_Task goal_
Retype exactly the lines below, starting with the line that contains "ภายในห้องประชุมมีโต๊ะยาวรองรับได้หลายคน มีจอ TV" and ending with the last line; leave out any pictures.

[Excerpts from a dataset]
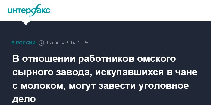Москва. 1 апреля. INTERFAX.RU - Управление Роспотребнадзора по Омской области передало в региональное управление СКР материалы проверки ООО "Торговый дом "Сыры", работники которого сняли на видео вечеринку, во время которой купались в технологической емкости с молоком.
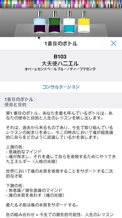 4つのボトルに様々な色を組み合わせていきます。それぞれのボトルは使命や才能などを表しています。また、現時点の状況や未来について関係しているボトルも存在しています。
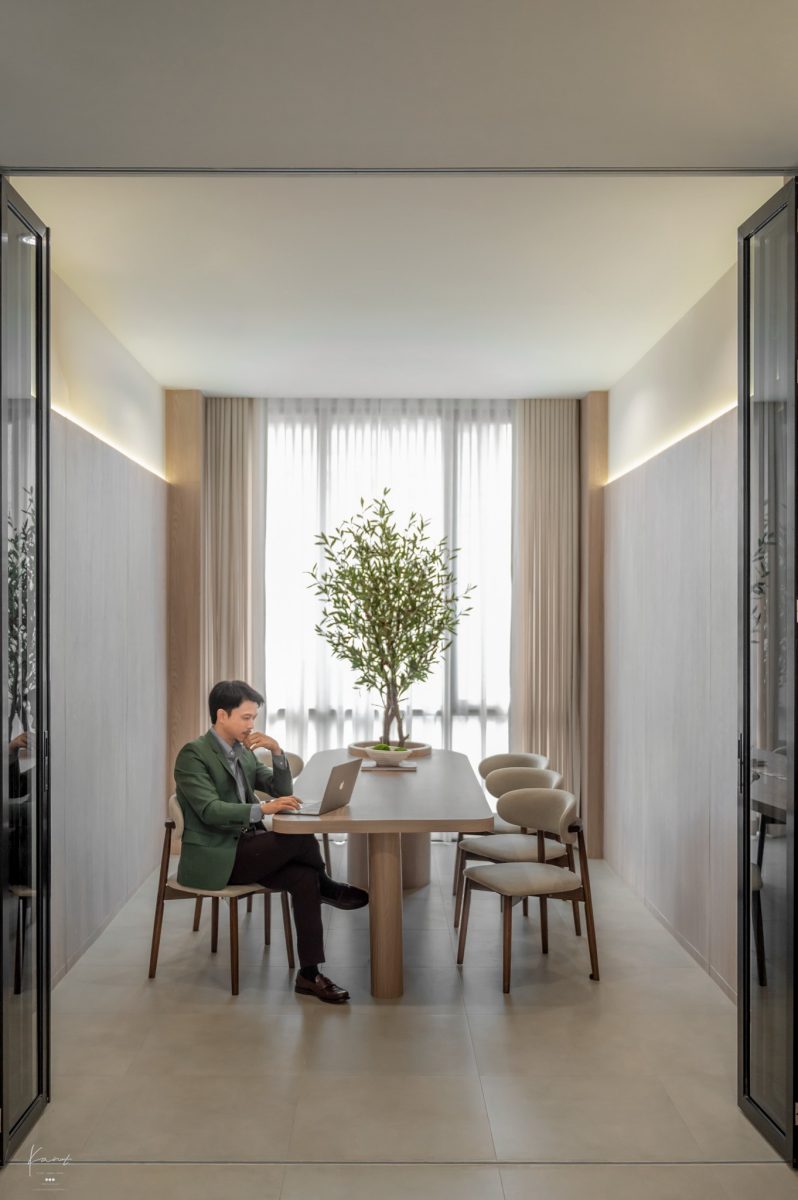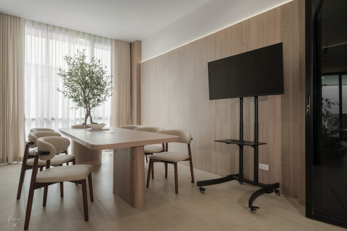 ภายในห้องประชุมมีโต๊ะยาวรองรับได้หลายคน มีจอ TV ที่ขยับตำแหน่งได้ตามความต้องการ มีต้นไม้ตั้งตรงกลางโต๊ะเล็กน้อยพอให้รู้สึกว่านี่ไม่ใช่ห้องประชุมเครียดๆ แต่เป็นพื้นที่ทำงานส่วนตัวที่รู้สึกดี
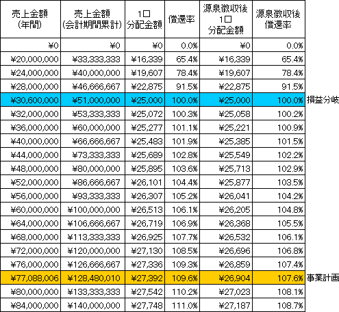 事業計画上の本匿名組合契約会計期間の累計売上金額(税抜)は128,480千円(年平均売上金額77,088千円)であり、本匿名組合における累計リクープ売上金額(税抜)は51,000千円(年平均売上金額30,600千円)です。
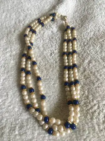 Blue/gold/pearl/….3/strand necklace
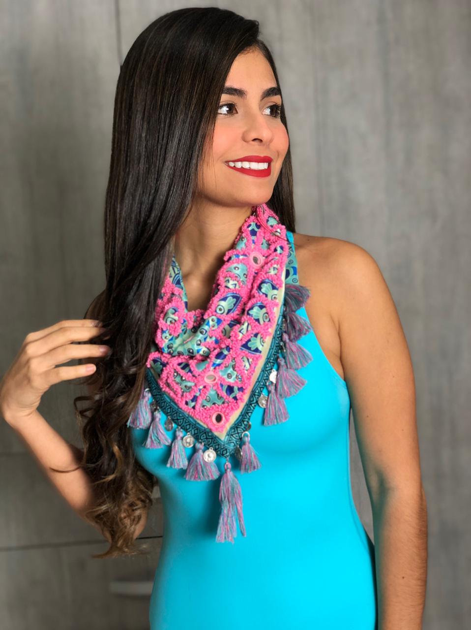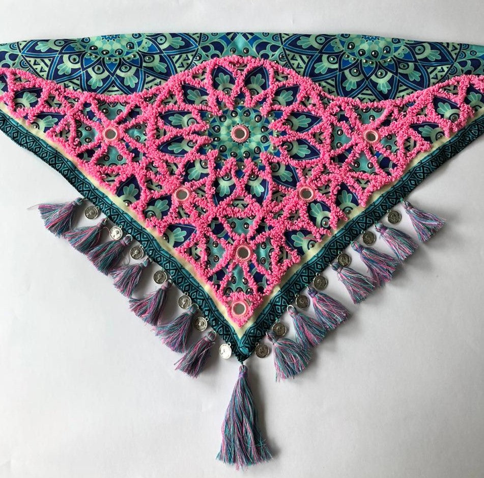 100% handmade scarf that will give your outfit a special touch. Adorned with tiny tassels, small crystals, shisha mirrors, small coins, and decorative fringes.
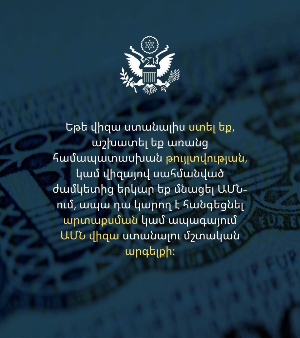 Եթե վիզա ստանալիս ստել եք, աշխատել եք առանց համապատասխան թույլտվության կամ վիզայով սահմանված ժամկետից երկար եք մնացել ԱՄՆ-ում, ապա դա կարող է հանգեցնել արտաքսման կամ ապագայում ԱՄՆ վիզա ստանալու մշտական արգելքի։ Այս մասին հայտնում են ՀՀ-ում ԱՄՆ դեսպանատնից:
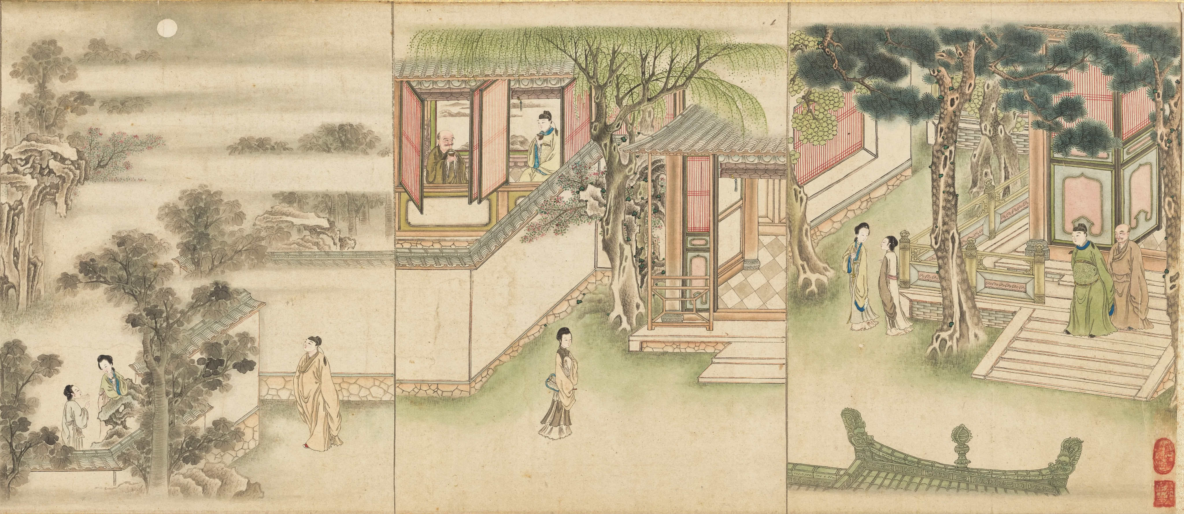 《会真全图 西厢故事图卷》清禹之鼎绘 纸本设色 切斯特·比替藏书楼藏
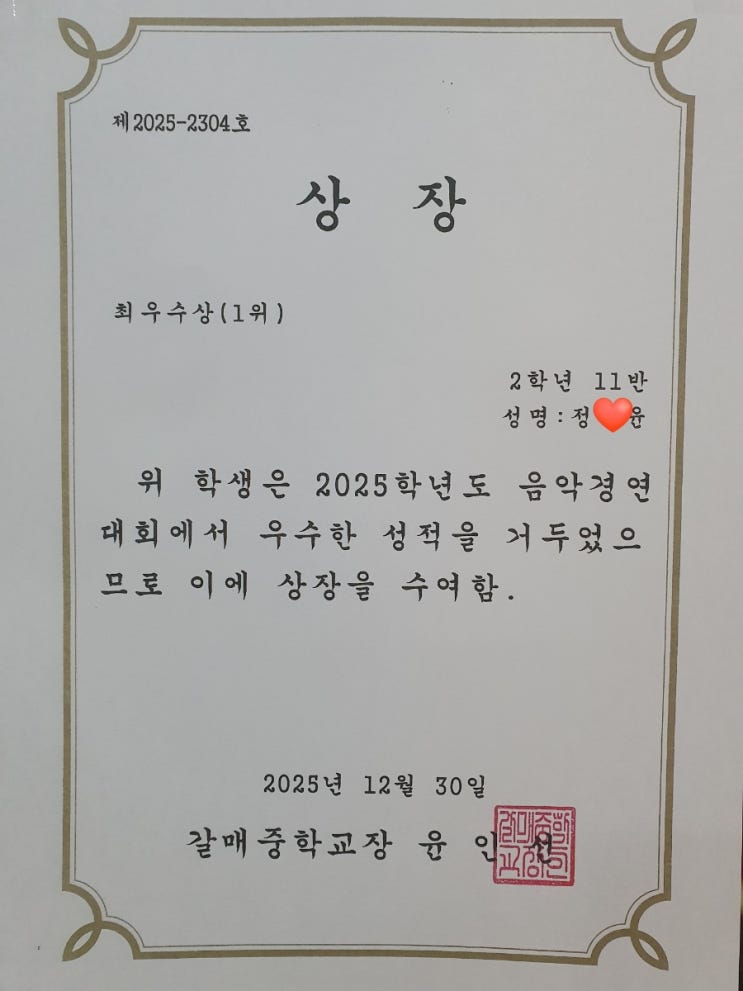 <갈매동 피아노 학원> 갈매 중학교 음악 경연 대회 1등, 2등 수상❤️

_Answer box_
 ภายในห้องประชุมมีโต๊ะยาวรองรับได้หลายคน มีจอ TV ที่ขยับตำแหน่งได้ตามความต้องการ มีต้นไม้ตั้งตรงกลางโต๊ะเล็กน้อยพอให้รู้สึกว่านี่ไม่ใช่ห้องประชุมเครียดๆ แต่เป็นพื้นที่ทำงานส่วนตัวที่รู้สึกดี
 事業計画上の本匿名組合契約会計期間の累計売上金額(税抜)は128,480千円(年平均売上金額77,088千円)であり、本匿名組合における累計リクープ売上金額(税抜)は51,000千円(年平均売上金額30,600千円)です。
 Blue/gold/pearl/….3/strand necklace
 100% handmade scarf that will give your outfit a special touch. Adorned with tiny tassels, small crystals, shisha mirrors, small coins, and decorative fringes.
 Եթե վիզա ստանալիս ստել եք, աշխատել եք առանց համապատասխան թույլտվության կամ վիզայով սահմանված ժամկետից երկար եք մնացել ԱՄՆ-ում, ապա դա կարող է հանգեցնել արտաքսման կամ ապագայում ԱՄՆ վիզա ստանալու մշտական արգելքի։ Այս մասին հայտնում են ՀՀ-ում ԱՄՆ դեսպանատնից:
 《会真全图 西厢故事图卷》清禹之鼎绘 纸本设色 切斯特·比替藏书楼藏
 <갈매동 피아노 학원> 갈매 중학교 음악 경연 대회 1등, 2등 수상❤️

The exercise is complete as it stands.